Compliance officers were provided a user-friendly dashboard for alert triage and threshold adjustments, and the in-house AML tool fostered a culture shift where staff were empowered to proactively handle daily AML logic changes without the need for external vendor tickets.
Building an AML Tool with Limited Resources
Instead of building sophisticated ML, the bank relied on prebuilt libraries and container templates. This enabled staff to achieve core AML tasks with minimal overhead.
Additionally, the autonomy staff benefited from can’t be overstated. Instead of creating vendor tickets and incurring hidden fees with external AML solutions, local compliance officers can now update watchlists or anomaly rules daily on a scalable infrastructure that grows alongside the bank’s operations.
Impact: Fewer False Positives, Enhanced Regulatory Alignment, and a Scalable AML Solution
The benefits of transitioning to a custom anti-money laundering tool were felt immediately. Some of the key metrics that reflect the impact include:
30-50% fewer false positives: Reducing false positives allows compliance teams to zero in on genuine threats, boosting morale and efficiency.
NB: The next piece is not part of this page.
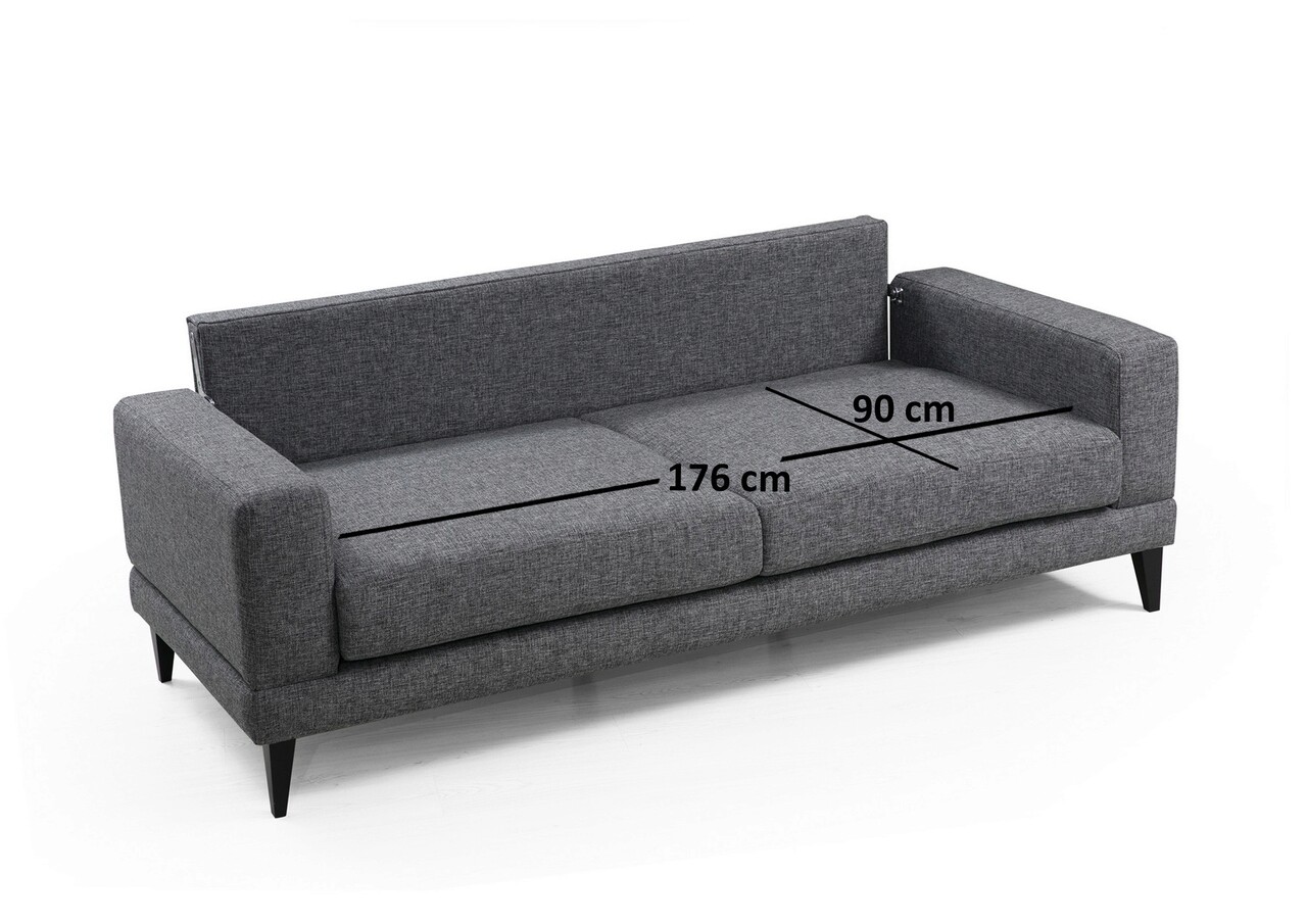 Canapea extensibila cu 3 locuri, Artie, 560ARE1307, Lemn de fag / PAL, Gri inchis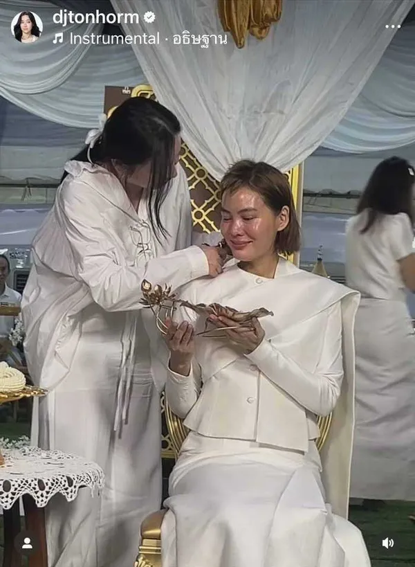 ซึ่งเมื่อช่วงเช้ามืดที่ผ่านมามีพิธีปลงผมก่อนเข้าพิธีบรรพชา โดยมีพี่น้องในวงการบันเทิงมาร่วมอนุโมทนาบุญในครั้งนี้อย่างคับคั่ง อาทิ อั้ม อธิชาติ, พงษ์พัฒน์ วชิรบรรจง และภรรยา, ต้นหอม ศกุนตลา, เเอน อลิชา , วุ้นเส้น วิริฒิพา เเละ พลอย เฌอมาลย์ เป็นต้น

Robust Compliance: Enhanced operational and regulatory alignment, ensuring compliance standards are met.
Cost-effectiveness: Predictable costs, thanks to container-based services being integrated with existing systems, along with the shift away from vendor licenses.
Talent development: Vendor fee savings reallocated to training, fostering an agile, future-focused compliance mindset and culture of accountability.
Digital autonomy: The end of reliance on an external vendor reduces overhead and delivers scalability.
Conclusion: Building a Lasting AML Solution from Scratch
Through the combination of a research-driven approach, centered around stakeholder interviews, and leveraging the bank’s internal cloud services, the bank was able to generate a cost-effective and customizable AML tool that reacts in real-time and evolves to meet new threats. The decision to use ML and container orchestration increased short-term efficiency and delivered a solution that ensures long-term adaptability in a demanding regulatory climate.